_WORK TASK_. Print the records below exactly, from the line containing "Ruby and Emerald" down to the line containing "Escova de Limpeza", both lines included, and omit every picture.

_Extracted data entries_.
▼

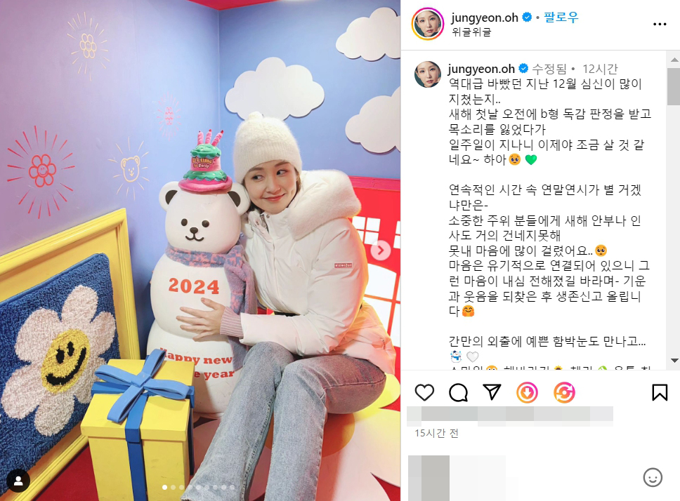 새해 첫날 오전에 b형 독감 판정을 받고 목소리를 잃었다가
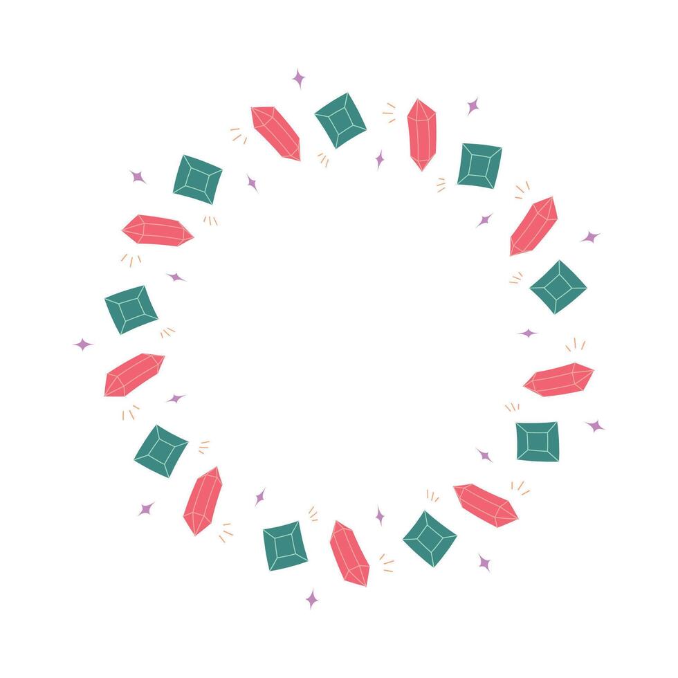 Ruby and Emerald Gemstone Frame with Crystals Circle Border Illustration Pro Vector
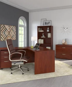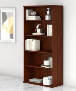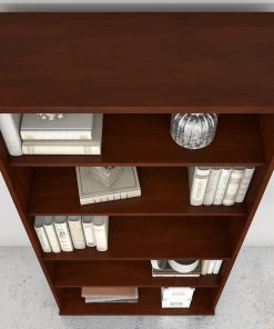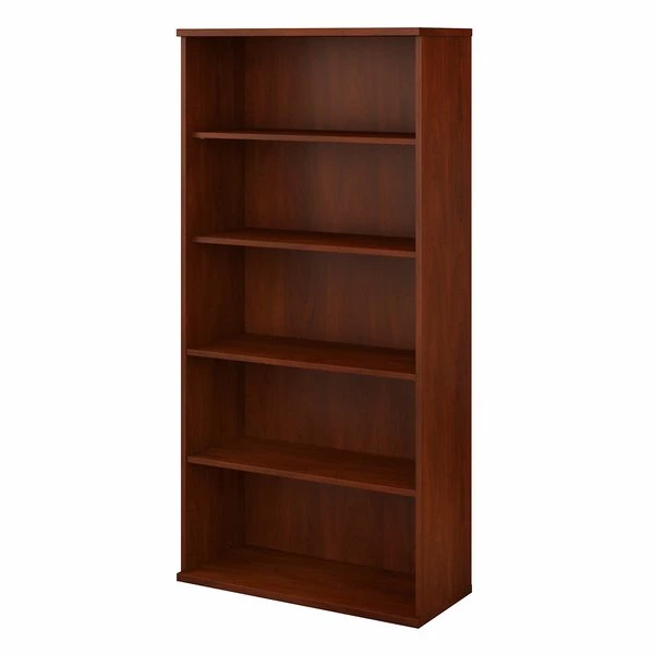 The Bush Business Furniture Studio C 5 Shelf Bookcase looks great, works hard and adjusts to fit the needs of your office. Designed with 2 fixed and 3 adjustable shelves, the tall Bookcase holds your books and reference materials with room for your favorite decorative accents. Store a variety of items on the spacious and durable shelves, designed to hold up to 50 pounds each. A thermally fused laminate finish fends off scratches, stains and dents throughout years of everyday use. Add the coordinating Bookcase Door Kit (sold separately) to conceal the lower shelves for an organized look. The 5 Shelf Bookcase features a classic design but comes in your choice of several contemporary and traditional finishes to fit perfectly in any workspace. Purchase a set of Bookcases to build a complete storage wall that organizes your office and expresses your style. This 5 tier bookshelf meets ANSI/BIFMA quality test standards. See the full collection for coordinating items available to make your office your own with Studio C.
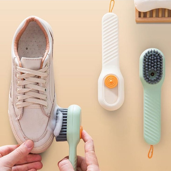 Escova de Limpeza Portátil Multifuncional 2 em 1 com Dispense Cerdas Macias para Roupas Sapato Tênis
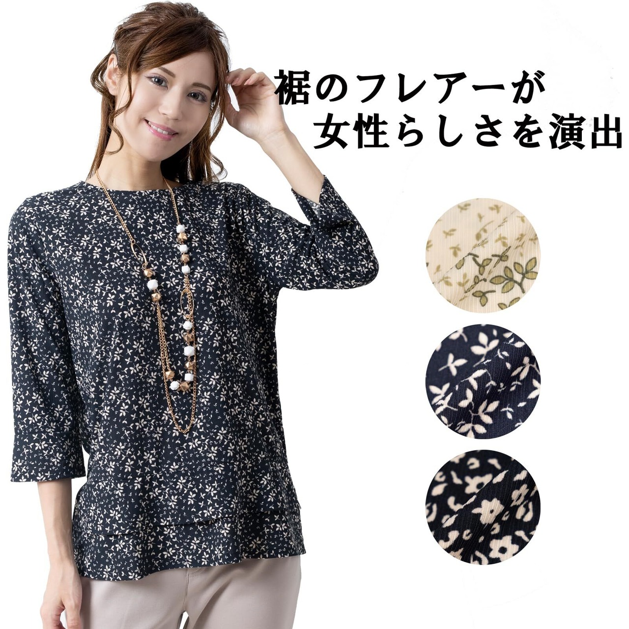 [FLUTE.MF] レディース ブラウス フレアー 7分袖 カットソー トップス カジュアル 大きいサイズ 体型カバー おしゃれ 上品 トレンド 春 夏 秋
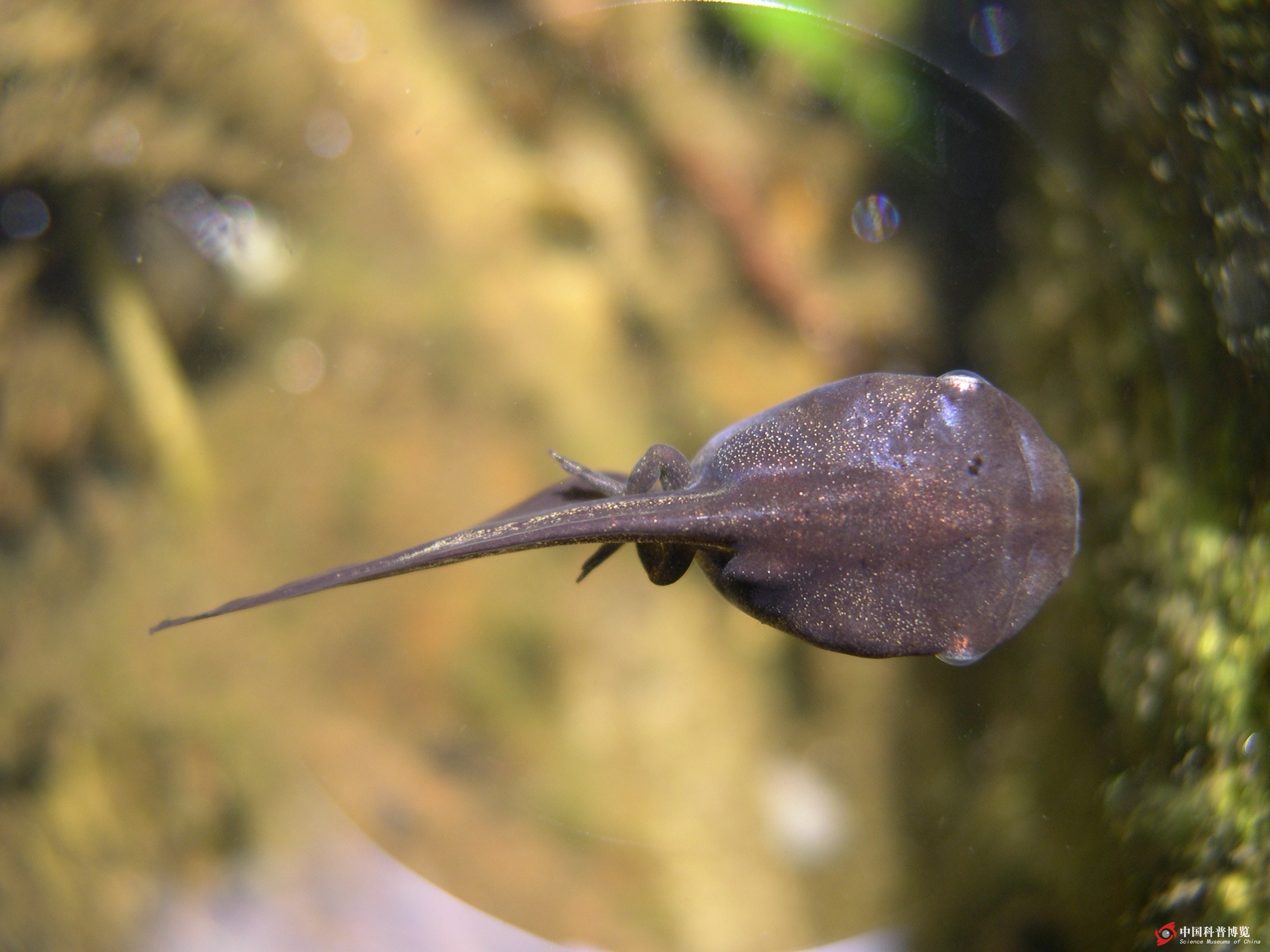 圖1. 大多數(shù)兩棲動物都生活在與水有關(guān)的環(huán)境中(云南,所站石頭左側(cè)生活著有后肢的蝌蚪)
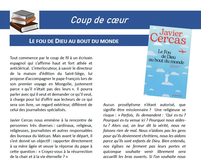 Tout commence par le coup de fil à un écrivain Espagnol Javier Cercas qui s’affirme haut et fort athée et anticlérical. L’interlocuteur, à savoir le directeur de la maison d’édition du Saint-Siège, lui propose d’accompagner le pape François lors de son premier voyage en Mongolie, justement parce « qu’il n’était pas des leurs ». Il pourra parler avec qui il veut et demander ce qu’il veut, à charge pour lui d’offrir aux lecteurs de ce qui sera son livre, un regard extérieur, différent de celui des journalistes spécialisés.
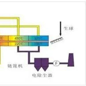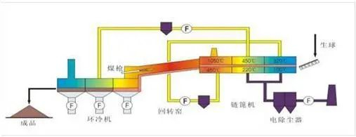 链篦机-回转窑技术主要是指把合格的生球(>6mm,<16mm)布到链篦机上进行干燥、预热后,在回转窑进行氧化固结焙烧,通过环冷机冷却得到球团矿。
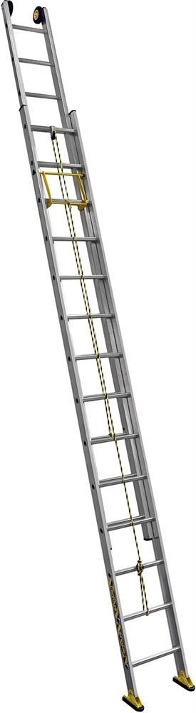 Алюминиевая выдвижная лестница Centaure C2 NEW с тросом 2х16 414416 - комфортабельная лестница для работы на больших высотах. Специально сделанные ступеньки с наклоном обеспечивают удобное положение ступени при использовании. Уникальная надежная система стального замка-коромысла с двойным рычагом. Автоматическая блокировка под действием силы тяжести. Испытана на нагрузку в 400 кг. Шарнирные башмаки, подошва снабжены индикатором износа. Простое использование благодаря кольцевому сердечнику. Встроенная система ползунков по всей длине профиля гарантирует оптимальную установку в рабочее положение и прочность лестницы при максимальном выдвижении секций. Направляющие из алюминия, рассчитанные на интенсивное ежедневное использование. Алюминиевые нескользящие ступени 28 х 25.5 мм. Расстояние между ступенями 280 мм. Надёжное крепление ступеней к направляющим путём тройного зажима и фальцевания. Ролик из алюминиевого сплава, диаметром 125 мм; не оставляют следов на опорных поверхностях.
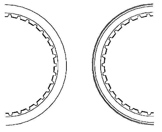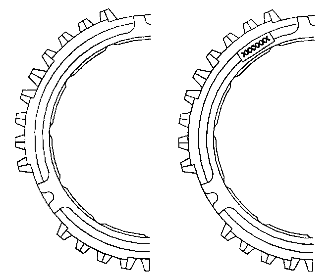 17. If the 5th synchronizer sleeve removed from the transaxle looks like the sleeve on the left, then it is a 1st design. The identification mark for the 2nd design is the extra groove on the top of the 5th gear sleeve.
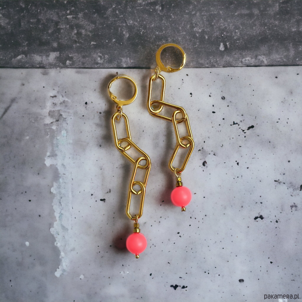 długie kolczyki z neonowymi perłami marki Swarovski (8mm)
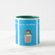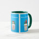 A festive white ringer mug with holly green rim and handle and 'Merry Christmas' in white letters on three bright blue panels, containing cupcakes. The cupcakes have white frosting and are topped with a snowman, a robin and three red candles.

▲

_SOLUTION TO THIS EXERCISE_.
 Ruby and Emerald Gemstone Frame with Crystals Circle Border Illustration Pro Vector
 The Bush Business Furniture Studio C 5 Shelf Bookcase looks great, works hard and adjusts to fit the needs of your office. Designed with 2 fixed and 3 adjustable shelves, the tall Bookcase holds your books and reference materials with room for your favorite decorative accents. Store a variety of items on the spacious and durable shelves, designed to hold up to 50 pounds each. A thermally fused laminate finish fends off scratches, stains and dents throughout years of everyday use. Add the coordinating Bookcase Door Kit (sold separately) to conceal the lower shelves for an organized look. The 5 Shelf Bookcase features a classic design but comes in your choice of several contemporary and traditional finishes to fit perfectly in any workspace. Purchase a set of Bookcases to build a complete storage wall that organizes your office and expresses your style. This 5 tier bookshelf meets ANSI/BIFMA quality test standards. See the full collection for coordinating items available to make your office your own with Studio C.
 Escova de Limpeza Portátil Multifuncional 2 em 1 com Dispense Cerdas Macias para Roupas Sapato Tênis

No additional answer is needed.